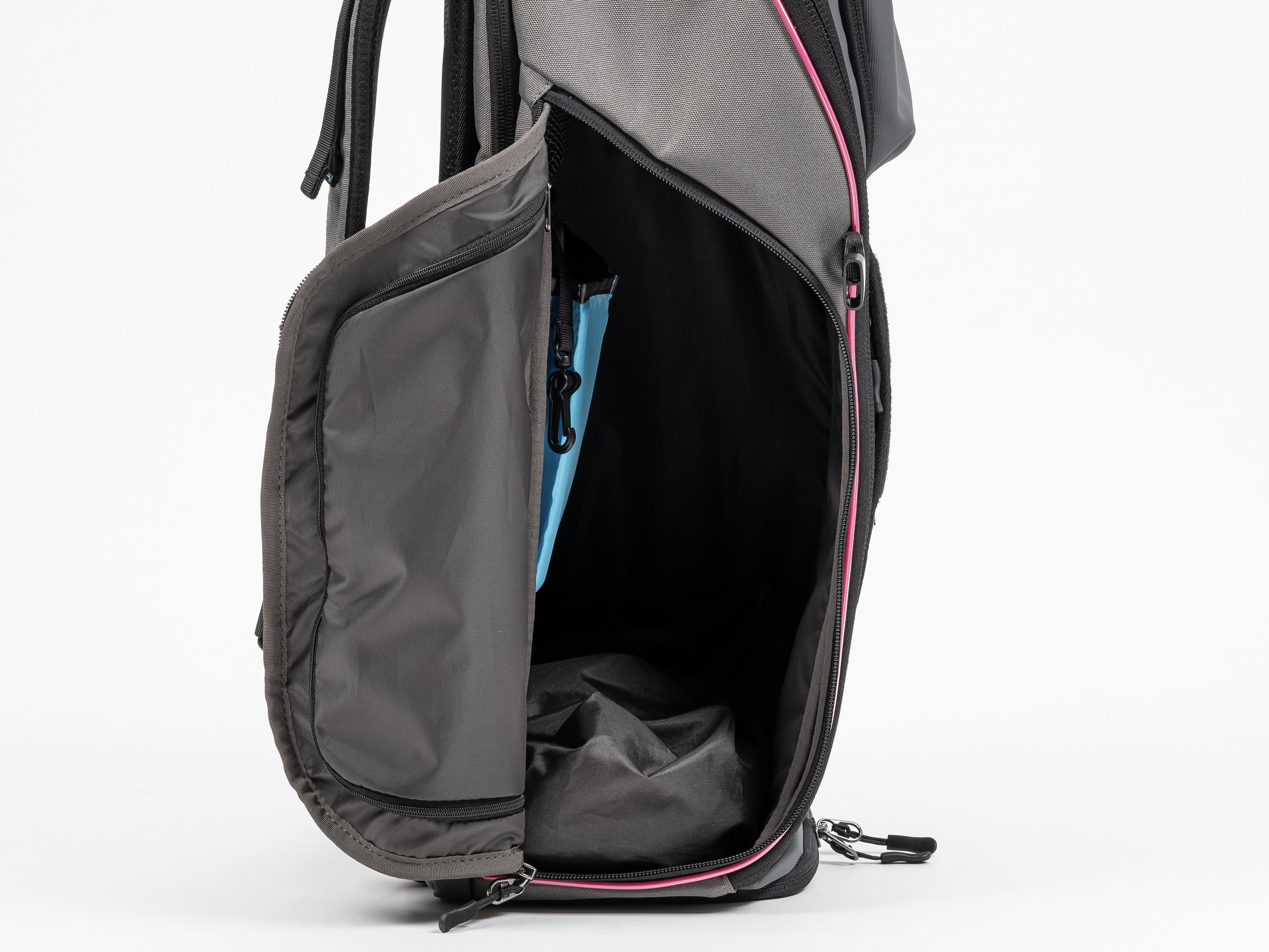 また、メッシュポケット側からはメインエリアにもアクセスができるファスナーを用意しております。
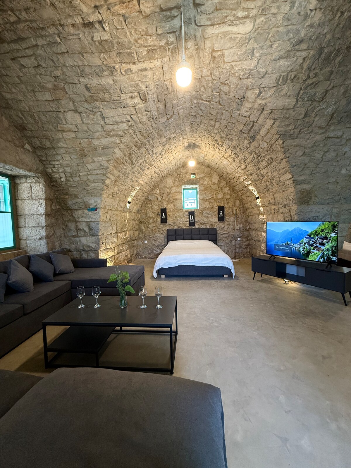 Mini hiša za goste je kamnita hiša, ki se nahaja v bližini koč FarmVille Barouk. Zasnovan je kot garsonjera s popolnoma opremljeno kuhinjsko nišo, kopalnico in spalnico (talna vzmetnica king size). Prostor lahko sprejme do 2 ali 3 goste, odvisno od zahteve. 🍳 Zajtrk je na voljo z doplačilom (15 USD na osebo, 18 USD za nedeljski samopostrežni bife). Ni vključeno v ceno sobe. Obvestite nas vnaprej. V lepem vremenu postrežemo na prostem, pozimi pa v našem udobnem umetniškem studiu.
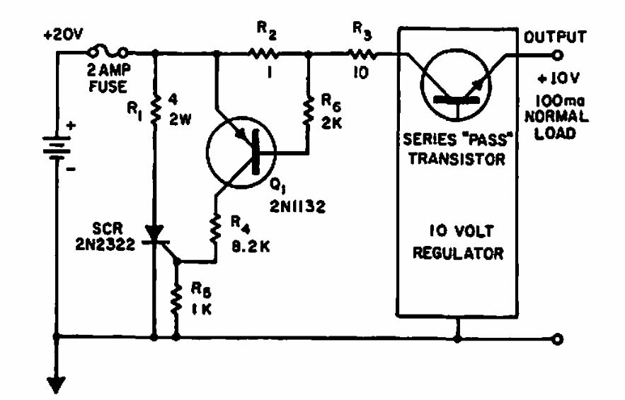 Este circuito de proteção dispara queimando rapidamente o fusível em caso de sobrecorrente. O circuito é de uma Electgronic Design de 1964. O transistor pode ser de uso geral.
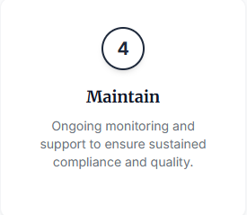 We follow a structured approach to ensure your compliance journey is clear, manageable, and successful.
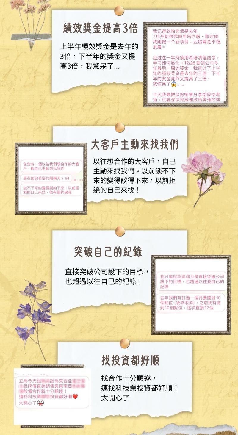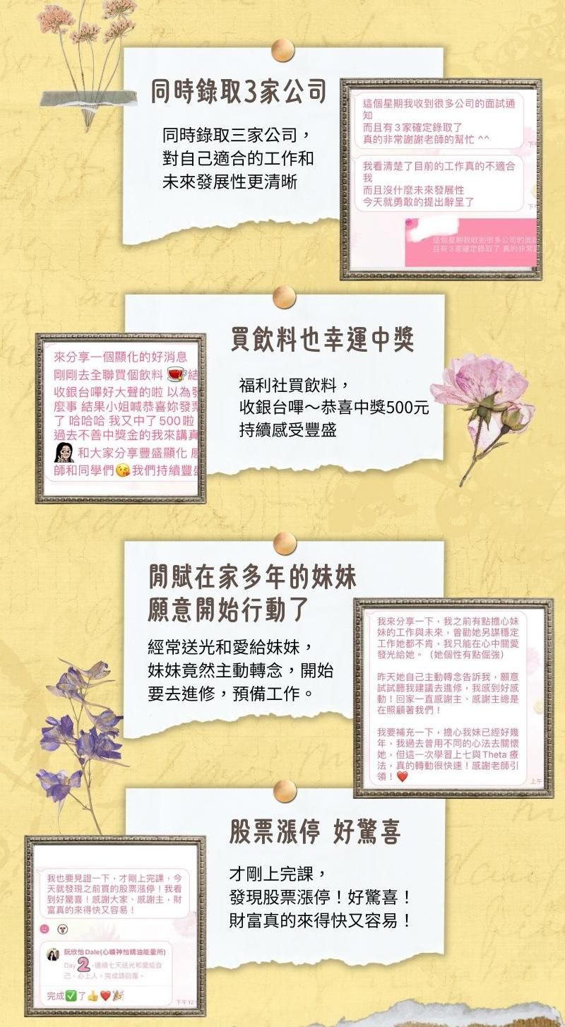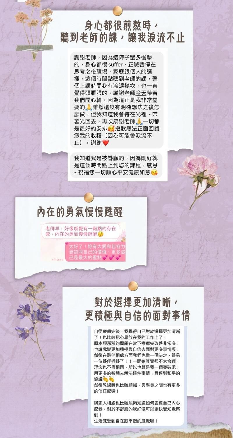 個案見證來自許多方面,包括金錢豐盛、健康、身心情緒、人際親子關係、工作等,很多都產生了巨大的改變。相信這不是僅僅是巧合而已,而是只要你願意,你也能和他們一樣!歡迎預約療癒個案,讓專業的老師來協助你,啟動你自己改變的能量。
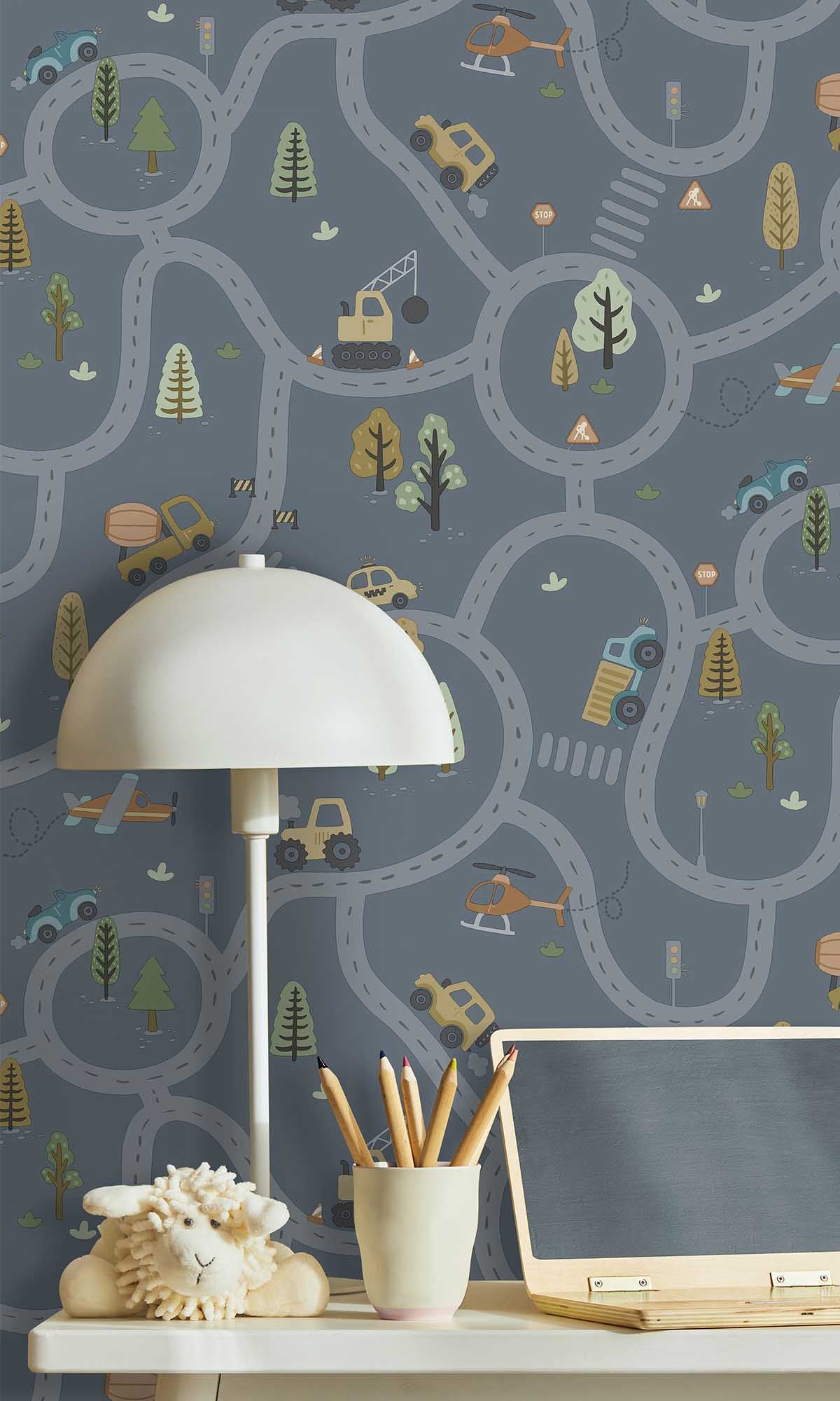 Are you prepared to turn your child's room into a little adventure area? You may have automobiles racing, trucks roaring, and airplanes soaring directly on the walls by simply adding the Adventure Awaits Roundabout Road wallpaper! It's like giving your kids their own runway and racetrack in their playroom or bedroom. Even if you're just sitting on the floor building with Legos, every day feels like a brand-new road trip.
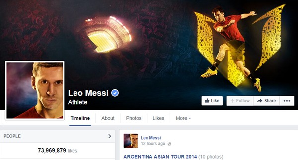 2.梅西(巴塞罗那俱乐部):7397万Facebook粉丝
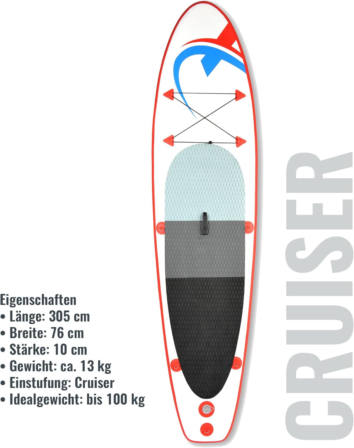 STABLE – non-slip thanks to heat-embossed EVA deck – allows for safe standing and foot comfort
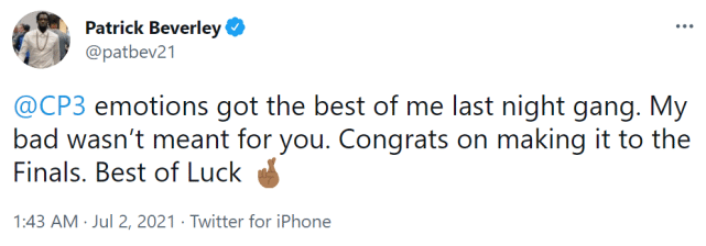 贝弗利随后在社媒上向保罗道歉。他写道:“CP3,昨晚我情绪失控,我的错,并不是针对你。恭喜你打进总决赛,祝你好运。”

Work required: Above are records; repeat only the lines from the line with "Mini hiša za" through the line with "個案見證來自許多方面,包括金", and leave pictures out.

Expected answer:
 Mini hiša za goste je kamnita hiša, ki se nahaja v bližini koč FarmVille Barouk. Zasnovan je kot garsonjera s popolnoma opremljeno kuhinjsko nišo, kopalnico in spalnico (talna vzmetnica king size). Prostor lahko sprejme do 2 ali 3 goste, odvisno od zahteve. 🍳 Zajtrk je na voljo z doplačilom (15 USD na osebo, 18 USD za nedeljski samopostrežni bife). Ni vključeno v ceno sobe. Obvestite nas vnaprej. V lepem vremenu postrežemo na prostem, pozimi pa v našem udobnem umetniškem studiu.
 Este circuito de proteção dispara queimando rapidamente o fusível em caso de sobrecorrente. O circuito é de uma Electgronic Design de 1964. O transistor pode ser de uso geral.
 We follow a structured approach to ensure your compliance journey is clear, manageable, and successful.
 個案見證來自許多方面,包括金錢豐盛、健康、身心情緒、人際親子關係、工作等,很多都產生了巨大的改變。相信這不是僅僅是巧合而已,而是只要你願意,你也能和他們一樣!歡迎預約療癒個案,讓專業的老師來協助你,啟動你自己改變的能量。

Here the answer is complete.